The Book, Cat, & Cat Book Lovers Almanac

of historical trivia regarding books, cats, and other animals. Actually this blog has evolved so that it is described better as a blog about cats in history and culture. And we take as a theme the advice of Aldous Huxley: If you want to be a writer, get some cats. Don't forget to see the archived articles linked at the bottom of the page.

July 15, 2013

July 15, 1904

Anton Chekhov  (January  29, 1860 to July 15, 1904) was a Russian writer renowned for his insight into people and ability to convey that in the format, especially, of the short story. The ambition which led his grandfather to buy his own and his family's freedom from serfdom, continued in the grandson and his short life was notable not just for his genius, but his unceasing intellectual curiosity and ambitious work loads which were necessary to support his siblings and parents as well as secure a comfortable life, and literary oeuvre. In all of this he succeeded, despite a longstanding terminal illness.

A volume of his correspondence, Letters of Anton Chekhov to his Family and Friends (1920) was selected, edited, translated, and introduced by Constance Garnett. Here we find Anton's advice to an older brother regarding the nature of a cultured person. This list I encountered not in the book above, first, but in the newsletter Brain Pickings, Maria Popova's consistently interesting digest.

In 1886 Chekhov listed the qualities of a cultured person. We quote and excerpt a text which was excerpted before we found it 

“In order to feel comfortable among educated people, to be at home and happy with them, one must be cultured to a certain extent....

They respect human personality, and therefore they are always kind, gentle, polite, and ready to give in to others. They do not make a row because of a hammer or a lost piece of india-rubber;... They forgive noise and cold and dried-up meat and witticisms and the presence of strangers in their homes. 
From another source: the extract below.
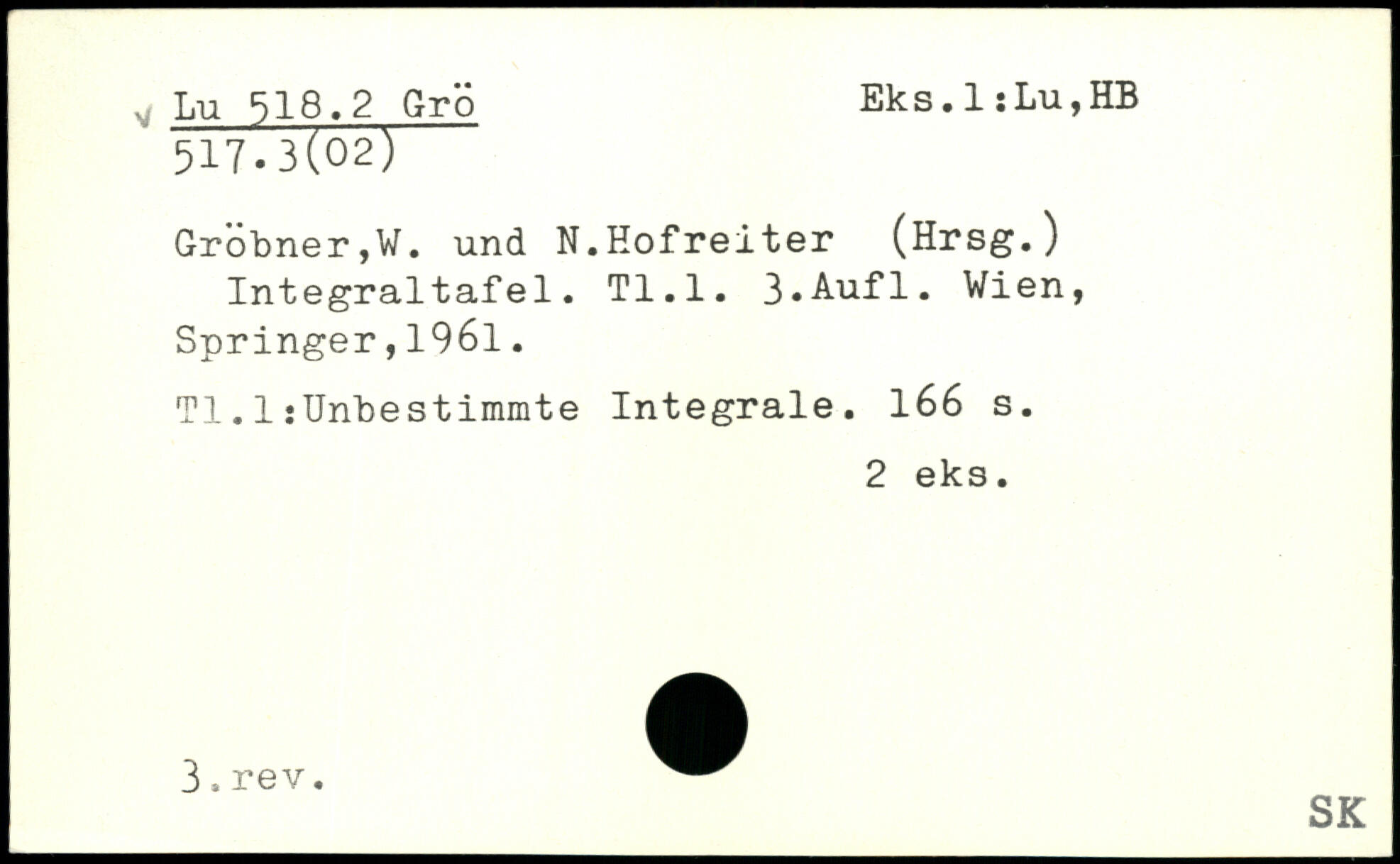 Integraltafel. Tl.l.

They have sympathy not for beggars and cats alone. Their heart aches for what the eye does not see…. They sit up at night... to pay for brothers at the University, and to buy clothes for their mother. 
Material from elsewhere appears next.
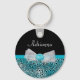 En söt turkotisk blå cheetah-trycknyckelkedja med ett friskt, rent vitt båge förnimmat med söt pärlor och ett rosette-band i mitten. Alla giriga flickor som kärlekar turkos och svart skulle få kärlek att lägga till namn till denna chic och snyggt djurtrycksdesign. Platt utskriven bild, inte egentligt menyfliksområde.

They respect the property of others, and therefor pay their debts. 

They are sincere, and dread lying like fire. They don’t lie even in small things. ... They are not given to babbling and forcing their uninvited confidences on others. Out of respect for other people’s ears they more often keep silent than talk. 
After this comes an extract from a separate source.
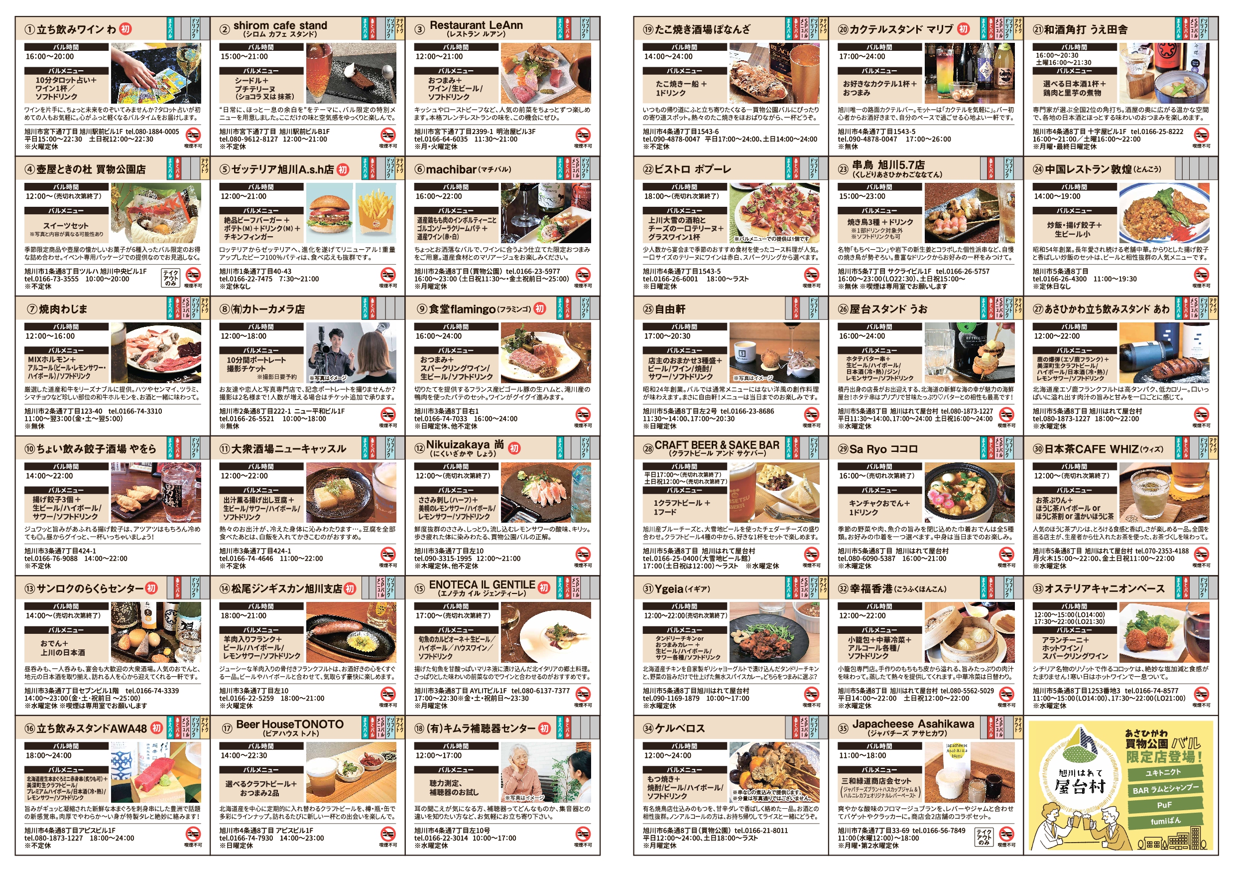 あさひかわ買物公園バルMAPには、参加店のバルメニュー、提供時間、場所などが掲載されています。バルMAPを見ながら、この日だけの特別なバルメニューを楽しんでください

They do not disparage themselves to rouse compassion. They do not play on the strings of other people’s hearts so that they may sigh and make much of them. ... The truly talented always keep in obscurity among the crowd, as far as possible from advertisement…. 

If they have a talent they respect it. ... Besides, they are fastidious. 

They develop the aesthetic feeling in themselves. They cannot go to sleep in their clothes, see cracks full of bugs on the walls, breathe bad air, walk on a floor that has been spat upon, cook their meals over an oil stove. They seek as far as possible to restrain and ennoble the sexual instinct…. What they want in a woman is not a bed-fellow …  They want especially, if they are artists, freshness, elegance, humanity, the capacity for motherhood…. 


The items above strike one as brilliant, wrong, and besides the point. Chekhov is actually describing not just a social world , but making of civility a religion. And how interesting to note that in late 19th century Russia, compassion for cats was taken as a minimum for a cultured person. Check out the original text, it is fascinating.